A Model Context Protocol (MCP) server for intelligent knowledge base search and retrieval with support for multiple backend providers.

Installation

pip install kbbridge

Quick Start

Configuration

Create a .env file with your retrieval backend credentials:

# Required - Retrieval Backend Configuration
RETRIEVAL_ENDPOINT=https://api.dify.ai/v1  # Example: Dify endpoint
RETRIEVAL_API_KEY=your-retrieval-api-key
LLM_API_URL=https://your-llm-service.com/v1
LLM_MODEL=gpt-4o
LLM_API_TOKEN=your-token-here

# Optional
RERANK_URL=https://your-rerank-api.com
RERANK_MODEL=your-rerank-model

Supported Backends:

Backend Status Notes
Dify Supported Currently available
Others Planned Additional backends coming soon

See env.example for all available configuration options.

Running the Server

# Start server
python -m kbbridge.server --host 0.0.0.0 --port 5210

# Or using Makefile (if available)
make start

Server runs on http://0.0.0.0:5210 with MCP endpoint at http://0.0.0.0:5210/mcp.

Deployment Options

Option 1: Docker (Local Development / Simple Deployments)

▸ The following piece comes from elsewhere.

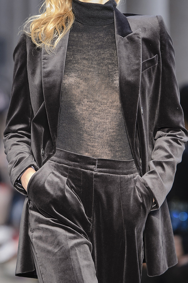 Основные элементы: объемные длинные пальто, свободные брюки, брючные костюмы, худи, полупрозрачные водолазки

For local development or simple single-container deployments:

# Build the image
docker build -t kbbridge:latest .

# Run with environment variables
docker run -d \
  --name kbbridge \
  -p 5210:5210 \
  --env-file .env \
  kbbridge:latest

For production deployments, use container orchestration platforms like Kubernetes with your preferred deployment method.

Features

  • Backend Integration: Extensible architecture supporting multiple retrieval backends
  • Multiple Search Methods: Hybrid, semantic, keyword, and full-text search
  • Quality Reflection: Automatic answer quality evaluation and refinement
  • Custom Instructions: Domain-specific query guidance

Workflow

KB-Bridge follows a multi-stage pipeline to ensure high-quality answers:

flowchart LR
    Start([User Query]) --> Preprocess[Query Preprocessing<br/>Rewriting & Understanding]

    Preprocess --> FileDiscovery[File Discovery<br/>Find Relevant Files]

    FileDiscovery --> Search[Search Stages]

    Search --> Direct[Direct Approach<br/>Simple Retrieval]
    Search --> Advanced[Advanced Approach<br/>File-level Processing]

    Direct --> Candidates
    Advanced --> Candidates[Collect Candidates]

    Candidates --> Synthesis[Answer Synthesis<br/>Rerank & Format]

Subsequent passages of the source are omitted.